Headlines:
Online Resources Revenue Up 42%
The Internet banking software vendor Online Resources Corp. of Chantilly, Va., beat its second-quarter earnings projection, citing growth in online bill-payment volume and several new customers.
"We had a strong quarter," said Matthew P. Lawlor, Online Resources' chairman and chief executive, during a conference call with analysts Wednesday. "We exceeded our guidance as bill-pay adoption continued to grow robustly."
Revenue of $14.3 million was up 42% from the same period last year. Net income of $1.8 million was up 48%. Per-share earnings of 7 cents topped the company's forecast by a penny and the year-earlier figure by 2 cents, or 17%. Chief financial officer Catherine Graham said a secondary offering completed in April of 4.4 million shares was the main reason for the lag behind net-income growth.
The company also increased its guidance for the current quarter and the year. For the quarter, it said, it expects revenue of $15 million and net income of $2.4 million to $2.8 million. For the year it predicted revenue of $60 million to $61 million and net income of $9.4 million to $10.3 million.
But Ms. Graham said that because of dilution, expectations of per-share earnings are unchanged: 8 to 10 cents for the current quarter, and 36 to 39 cents for the year. Furthermore, "it will not be easy to achieve our 2005 EPS target," she said.
Online Resources signed 32 new banking customers in the second quarter. Half of those deals were conversions from other vendors and therefore brought in an established base of online banking customers, president and chief operating officer Raymond T. Crosier noted during the conference call.
In the fourth quarter only 15% of new customers were conversions, Mr. Crosier said. "That's a nice trend," he said.

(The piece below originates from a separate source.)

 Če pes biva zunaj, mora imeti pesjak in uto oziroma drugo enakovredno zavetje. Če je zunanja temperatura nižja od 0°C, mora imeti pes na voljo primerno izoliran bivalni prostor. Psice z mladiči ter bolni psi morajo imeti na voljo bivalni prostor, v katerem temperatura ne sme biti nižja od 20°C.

Caribbean Purchase Gives Lift to Certegy
The transaction processor Certegy Inc. of St. Petersburg, Fla., said new customers for its card processing unit and an acquisition that extended its reach in the Caribbean helped drive second-quarter earnings higher.

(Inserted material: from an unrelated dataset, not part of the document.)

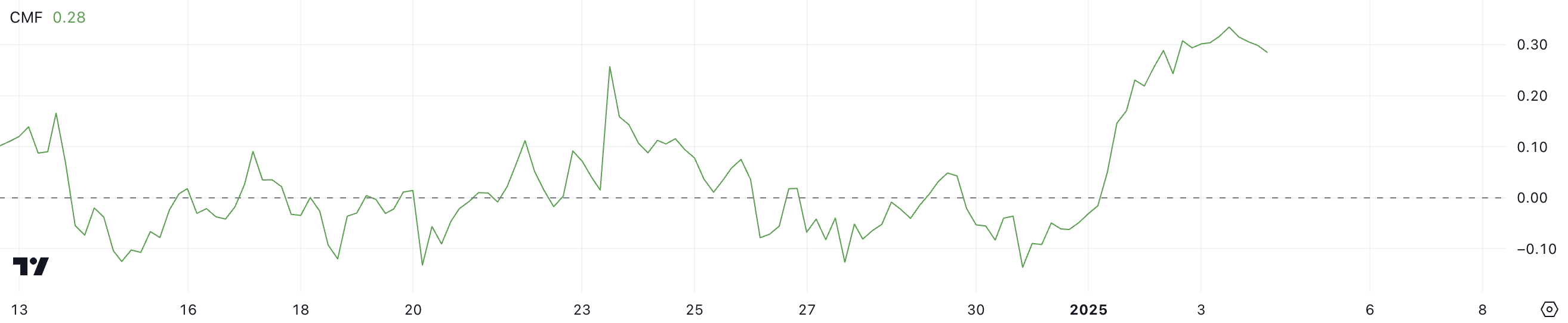 Ang XRP Chaikin Money Flow (CMF) ay kasalukuyang nasa 0.28, nananatiling positibo mula noong January 1, kung saan ito ay halos nasa 0. Ang CMF ay nagpakita ng upward trend sa bagong taon, na nagsa-suggest ng pagtaas ng capital inflows habang mas malakas ang buying pressure kaysa sa selling pressure.

Revenue of $276 million was up 8% from a year earlier. Net income from continuing operations rose 19%, to $25.3 million.
Per-share earnings totaled 75 cents. For the year Certegy is predicting $1.83 to $1.86.
The company also reported an after-tax gain of $27.3 million from selling its merchant acquiring business during the quarter to Nova Information Systems Inc., the merchant processing division of U.S. Bancorp.

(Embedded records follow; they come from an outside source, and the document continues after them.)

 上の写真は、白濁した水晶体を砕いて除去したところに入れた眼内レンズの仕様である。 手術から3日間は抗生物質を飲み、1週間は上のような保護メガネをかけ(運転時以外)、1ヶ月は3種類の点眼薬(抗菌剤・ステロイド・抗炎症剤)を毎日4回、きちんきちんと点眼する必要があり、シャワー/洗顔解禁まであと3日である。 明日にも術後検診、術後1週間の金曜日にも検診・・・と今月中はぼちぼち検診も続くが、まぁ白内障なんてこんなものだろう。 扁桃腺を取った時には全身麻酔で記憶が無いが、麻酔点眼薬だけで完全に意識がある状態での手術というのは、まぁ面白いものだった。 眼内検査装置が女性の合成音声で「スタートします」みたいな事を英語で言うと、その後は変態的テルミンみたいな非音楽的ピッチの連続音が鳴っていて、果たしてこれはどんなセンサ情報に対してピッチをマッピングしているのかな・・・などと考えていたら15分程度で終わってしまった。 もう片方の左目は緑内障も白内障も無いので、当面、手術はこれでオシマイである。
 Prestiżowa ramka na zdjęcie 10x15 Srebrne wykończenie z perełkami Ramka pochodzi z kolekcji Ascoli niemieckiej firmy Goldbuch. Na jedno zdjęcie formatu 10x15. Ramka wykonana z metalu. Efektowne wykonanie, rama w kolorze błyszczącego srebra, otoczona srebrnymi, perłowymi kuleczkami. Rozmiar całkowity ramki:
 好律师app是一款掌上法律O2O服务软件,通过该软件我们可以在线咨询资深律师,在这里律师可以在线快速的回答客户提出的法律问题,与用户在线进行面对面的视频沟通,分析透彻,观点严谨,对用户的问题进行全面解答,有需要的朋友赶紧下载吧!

Certegy's card services unit increased revenue 13.2%, to $164.1 million. The company credited a 30.6% rise in the unit's international revenue partly to the 2004 acquisition of Caribbean CariCard Services Inc., which helped win new customers.
Revenue of the check services unit inched up only 1.1%, to $111.9 million, and Certegy said its check guarantee volume declined because of lower retail sales and growth in consumers' use of payment cards.
Gregory W. Smith, an analyst for Merrill Lynch Global Securities, wrote that though the check service gains were meager, the unit fared well against its main rival First Data Corp.'s TeleCheck Services Inc.
"Last week First Data reported that its TeleCheck subsidiary continues to struggle with revenues down 10% year over year," Mr. Smith wrote in a research note. "We attribute this largely to Certegy taking business."
Lee A. Kennedy, Certegy's chairman and chief executive, said Thursday during a conference call with analysts that his company has focused on winning check authorization customers nationwide, while TeleCheck has focused on the regional level.
Under its deal with Nova, he said, Certegy will be able to use Nova's client base to reach more potential regional customers. The deal "is going to enable us to get into that regional base cost-effectively."